Я очнулся и, наставив двустволку на самую крупную зверюгу, потянул спусковой крючок. Боек щелкнул негромко. Выстрела не было. Я дернул второй – осечка. Видно, патроны отсырели. Перезарядить было нечем.
Один из псов повернулся к Женьке.
– Уходи! – сказал я. – Только не беги, а то на тебя первого нападут…
И Женька стал отходить – спиной назад, не спуская глаз с тварей. А я остался и смотрел на него.
– Я сейчас… Я вернусь! С подкреплением! – бормотал Женька.
Было очень хорошо ясно, что не успеет он привести никакое подкрепление. Он это знал, и я знал. Когда я просил его уйти, во мне копошилась мыслишка: а вдруг он не сбежит? Вдруг что-то придумает?! И когда он все-таки послушался меня, стало обидно.
Тот зверь, которому я собирался картечью снести башку, сделал шаг вперед, задрал морду к звездам и хрипло взвыл. Стая поползла ко мне, прижимаясь к корке асфальта, готовясь прыгать.
И тут над черным лесом, над растерзанными домами, надо всей окоченевшей планетой раздался вдруг такой вой, от которого захотелось не бежать даже, а упасть лицом в землю и лежать тихонько, шепотом умоляя о пощаде. Я прежде такого не слышал.
Один из псов молча метнулся на меня.
* * *
Они стояли внизу, у гермоворот, и спорили. Им не хватило ни мужества, чтобы выглянуть и убедиться, что меня разорвали в клочья, ни трусости, чтобы бежать к своим родителям на ВДНХ. Им ведь было куда бежать.
– Как это? – вылупился на меня Женька.
Я пожал плечами.
– Сколько времени меня не было?
– Минут пятнадцать… Как… Как ты от них?.. Артем…
– Не помню. – Я снова втянул голову. – Всего пятнадцать минут?
Мне казалось – весь наш поход, и ржавый выцветший киоск, и собачья охота – все это случилось вчера. Будто я целую ночь проспал.
– Артем! – настойчиво повторил Женька. – Чего ты улыбаешься?! Что случилось?!
Но у меня не было ответа. Я не помнил.
И вспомнил лишь много лет спустя.
* * *
Конечно, я ненавидел черных. Все ненавидят черных.
Когда я шел через свою родную станцию, замызганную кровью, устланную мычащими безумцами, связанными по рукам и ногам, я думал только о мести. Когда я услышал, что Женьку убили, я расстался с последними сомнениями. Мне захотелось спалить их логово дотла. Выжечь вместе с Ботаническим садом, в который я уже все равно никогда не смогу вернуться.
В тех легендах, которые досужие трепачи пересказывают друг другу сегодня, черным приписывают совершенно невероятную мощь и злобу.
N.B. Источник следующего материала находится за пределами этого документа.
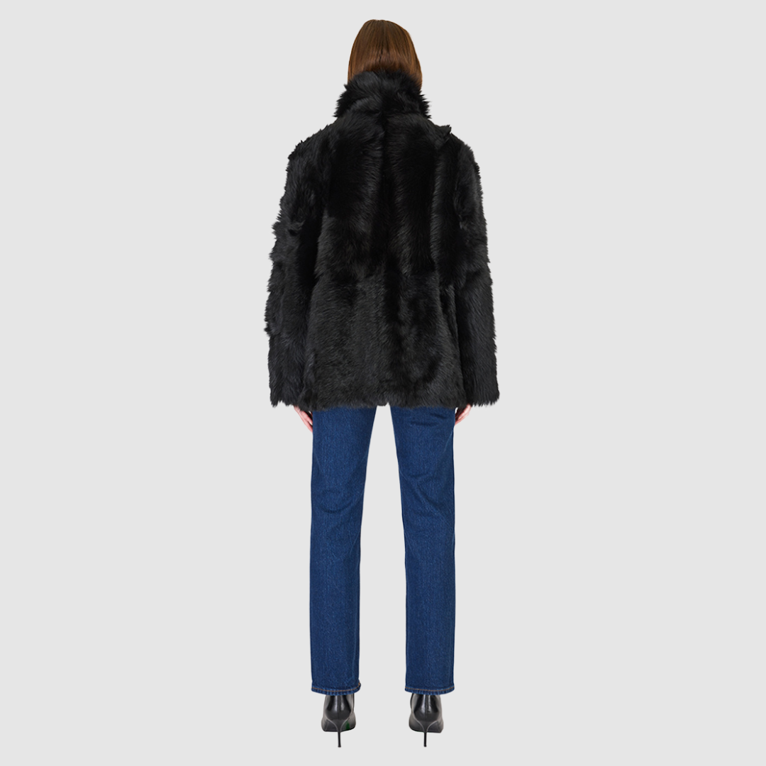 The MILKY WAY Jacket is a versatile statement piece crafted in Jet Toscana shearling, designed as a reversible teddy that flips to a nappa skin-out jacket. It offers a relaxed fit when worn wool-out and a regular fit when worn skin-out. A spread collar adds structure, while slash side pockets on the teddy side and patch side pockets on the nappa side provide functionality. Finished with a front button closure, MILKY WAY combines plush texture with sleek nappa styling for modern cold-weather versatility.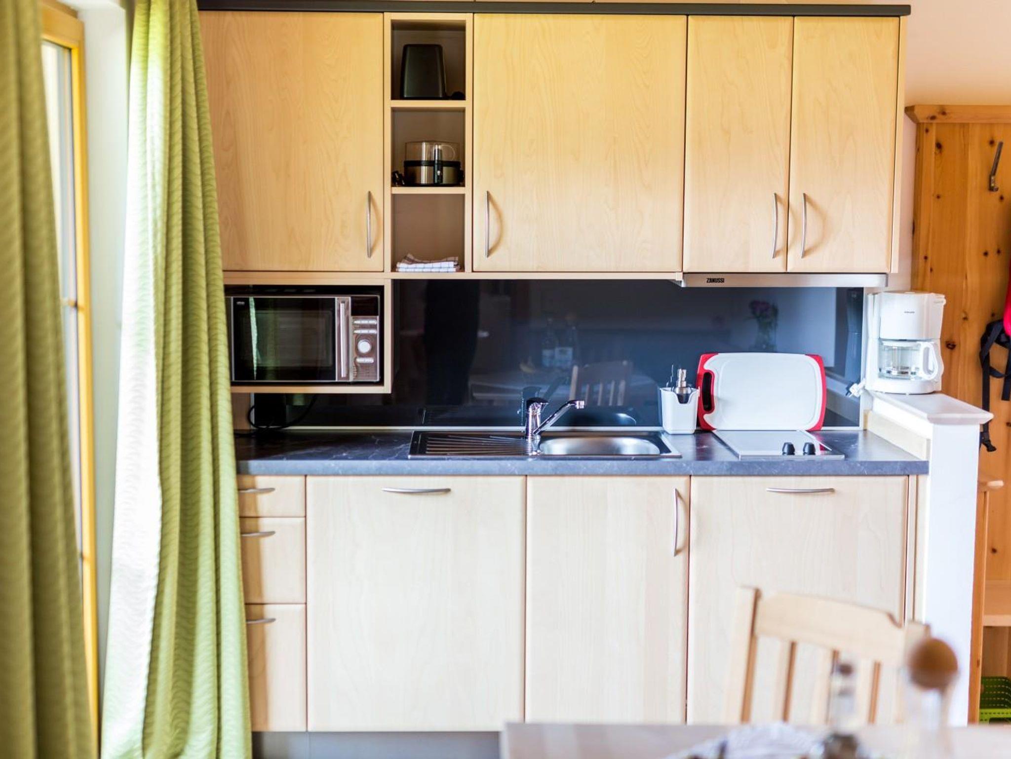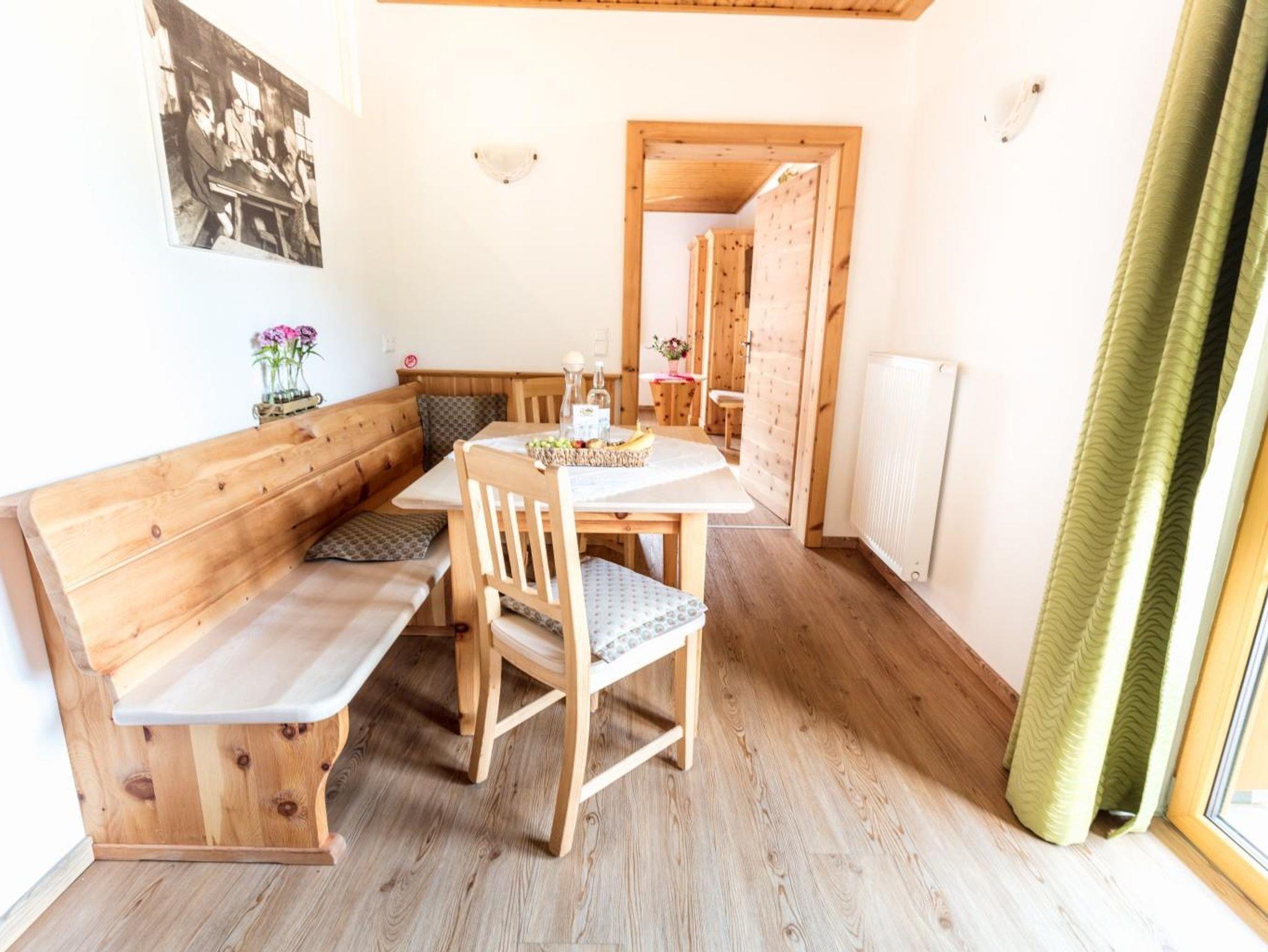 Wunderschönes, 35m² Familienappartement aus heimischen Zirbenholz. Wohnschlafzimmer mit Doppelbett aus Zirbe, Zirbenkleiderschrank, Flexinno Couch (als Stockbett umwandelbar), 1 Cocktailsessel mit Zirbenholztisch, Flat-TV. Küchenzeile mit Geschirrspüler, Mikrowelle, Kühlschrank, Zweiplattenherd, gemütliche Zirbenessecke, Dusche/WC, Garderobe, Südbalkon und kostenloses W-Lan im gesamten Haus.

Вот они уже разрывают дозорных голыми руками, сворачивают шеи, того и гляди начнут пить человеческую кровь. Врут, все врут. На самом деле все куда страшней.
На самом деле черные не убили ни единого человека. Они даже к ним не притронулись. Все те, кто погиб, погибли от рук своих товарищей. А черные просто свели тех с ума. Никто не способен остаться собой, когда черные приближаются. И никто не помнит, кем он был, пока черные находились рядом. Конечно, когда приступ заканчивается и ты видишь перед собой своего друга с вырванным кадыком, самое простое и самое логичное – решить, что это сделало черное чудовище. Решить так и поверить в это.
Так-то оно так. Да только это чудовище вылезло из тебя самого, а, сделав дело, забралось обратно. Об этом лучше не знать. Все, кто успевал с этим чудовищем хоть на миг пересечься, не могли больше без смирительной рубашки.
Я знаю лишь одного человека, который попытался без нее обойтись. Он думал, бронежилет куда крепче стянет тело, из которого заместить человека рвался монстр. Верил, что тесный титановый шлем помешает кому-то чужому забраться в его голову…
Но сейчас речь не о нем.
И нет никого, кто при виде черных не испытывал бы ужас и омерзение. Эти создания были обратным от нас. Увидеть черного – все равно что увидеть человека, вывернутого наизнанку – наружу пульсирующим красным мясом и подрагивающими органами. Не из-за их телесного устройства – труп черного можно смело поковырять палкой и пнуть его мертвую голову ногой, не опасаясь, что тебя вытошнит; тут другое. Тут именно их живое присутствие. И чем ближе они подходят к тебе, тем сильней отвращение и пронзительней страх. Кажется – если это исчадие ада прикоснется к тебе, то с его прикосновением в твою душу – не мозг, а именно душу – высадится некий паразит, лишай или грибница, и душа твоя покроется гнойными язвами, почернеет и иссохнет, но не исчезнет, а продолжит питать собой этого паразита – пока ему это будет угодно… Хотя разным людям кажется разное.
Поэтому нет ничего более естественного и нормального, чем желать уничтожить каждую из этих кошмарных тварей: это единственный способ избавиться от страха, иначе тот будет преследовать тебя до могилы.
И когда мне в руки было вложено оружие возмездия, которое мы вырвали из истлевших костлявых пальцев наших мертвых предков, я знал, что делать. И сделал что должно.
Ракетам потребовалось меньше минуты, чтобы покрыть расстояние между чудом уцелевшей в Последней войне базой и чудом зародившимся на разоренной планете новым видом разумной жизни. Но была и еще одна минута – до того, как ракетчикам передали координаты цели.
Эта минута для меня стала вечностью.
* * *
– Я не помню, – сказал я Женьке. – Отстань!
Когда мы вернулись домой, нас, конечно, допрашивали. Но мы молчали.
Женька и Виталик забыли о том, что я подговорил их идти на Ботанический Сад, а я забыл, что они струсили и бросили меня на поверхности одного. Я больше не спрашивал Женьку, почему он послушался меня и оставил на съедение бродячим собакам, а он меня – каким образом я от них вырвался. И все мы молчали о том, что, со всех ног убегая с Ботанического, мы оставили открытым гермозатвор.
Мы пытались вернуть его на место вручную, но он шел очень тяжело. А потом я сказал: «Да ладно, черт с ним!» Виталик и Женька поглядели на меня так – не то осуждающе, не то благодарно – и бросили ржавую железяку. Мы все стали соучастниками этого преступления, но «Да ладно!» сказал я.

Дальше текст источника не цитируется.